Indubitably it has. The Lanthanides, as an organization, is but a golden memory in the minds of those of us who were a part of it, but its effect on SF springs eternal. From this group of devoted fhans, living in idyllic squalor in Wall Hollow, Tennessee, came many of the names in the genre's (illusory, because we can't afford to build one) Hall of Fame: Angela Arbroath, Dale Dugger the original co-editor of Alluvial, and of course your faithful correspondent: myself.
The group spawned a few dirty old pros, too: Surn, Deddingfleld, Phillips, Mistral. (Just kidding, guys!) In the last ish of Alluvial, I recounted our adventures on the Great 1954 Tennfan Expedition to Slan Francisco, and how it came to grief in the Indiana outback due to an excess of hot air. (Always a problem with the some of the Lanthanides, most notably P. Malone.) Your humble chronicler went on to recount how he managed to at least partially repair the auto (much to the admiration of Surn, who only knew theoretical rocket mechanics), so that the Stalwart Six were able to make it back to the Fan Farm. He then suggested that they use their remaining funds to have a Con of their own.

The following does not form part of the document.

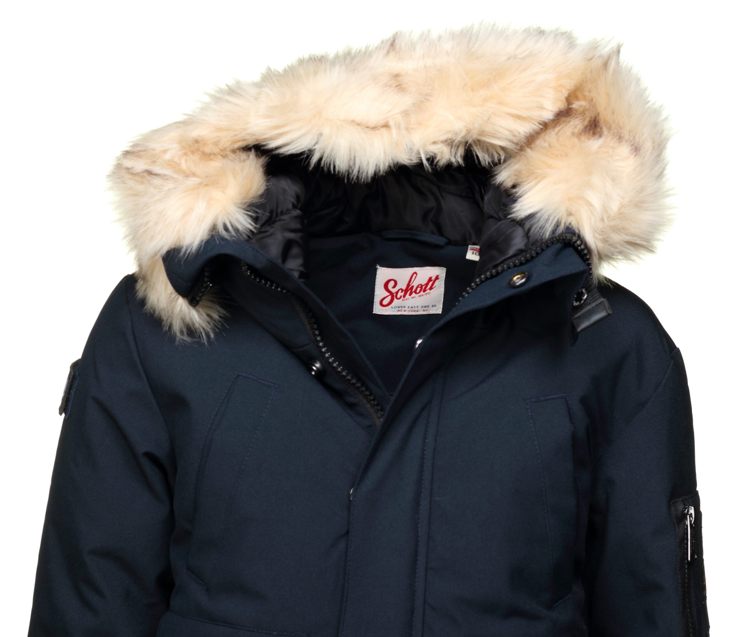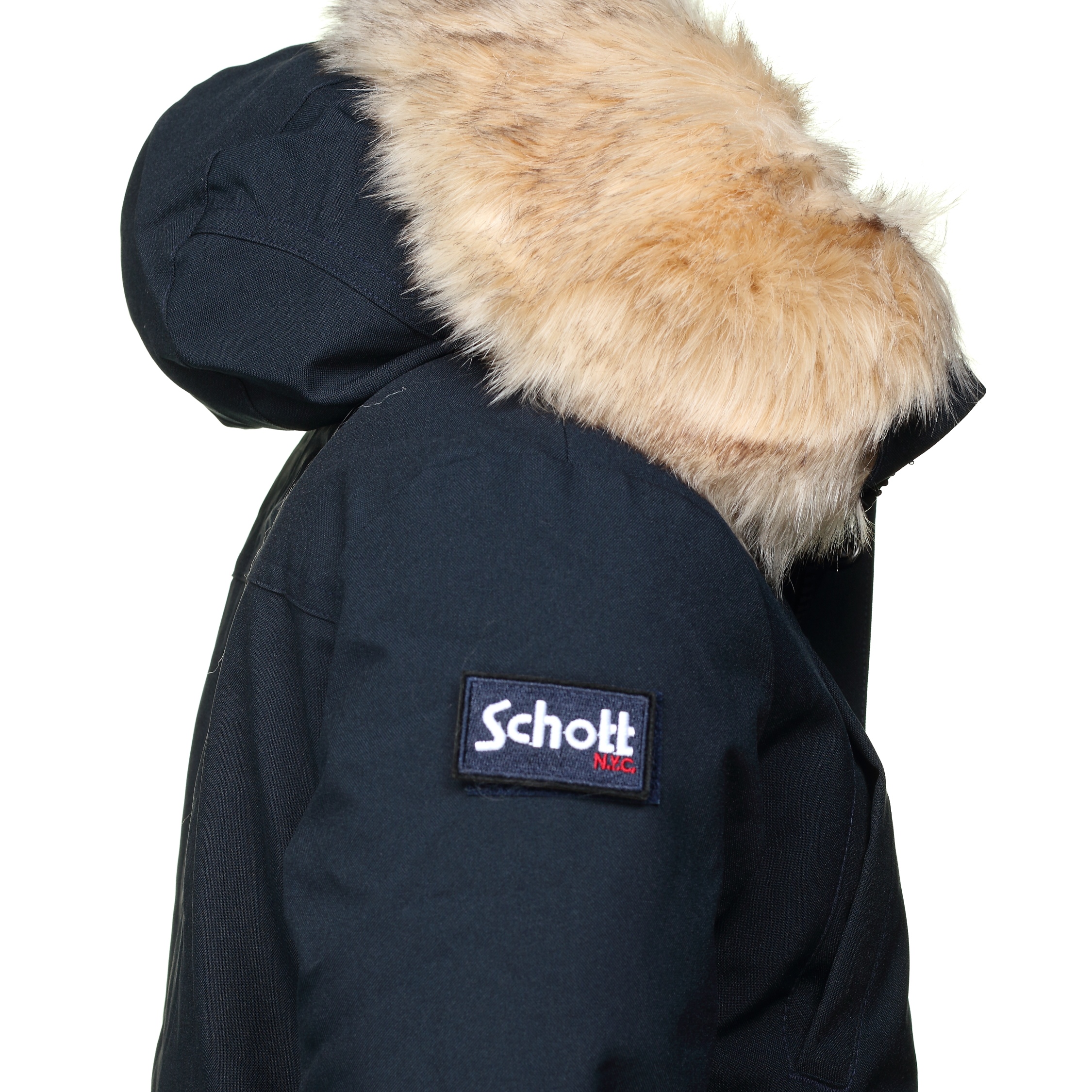 Blouson Schott – Logo Schott brodé sur l’épaule – Capuche fixe – Fausse fourrure amovible – Fermeture zippée à rabat pressionné – 1 poches zippée manche gauche – 2 Poches basses à rabat pressionné – 2 Poches intérieures – Composition : 100% polyester Couleur / Délavage: Bleu foncé Composition: Polyester Nom: à fausse fourrure Manches: Longues Col: Capuche Fermeture: A zip

It was during that weekend that the Lanthanides Time Capsule was planned, and subsequently buried.
In the last ish (back issues of Alluvial available for $!/ postage), I told how we came to bury that amazing cache (after much bheer had been consumed) which included a short story by each member of the group. Since we had no copy machines and nobody typed on stencils, all these stories are unpublished! No one has ever seen them! (A pity. Curtis Phillips said that Yours Truly's story was the best he'd ever read.) For a list of the rest of the contents of the Time Capsule, see page 4.)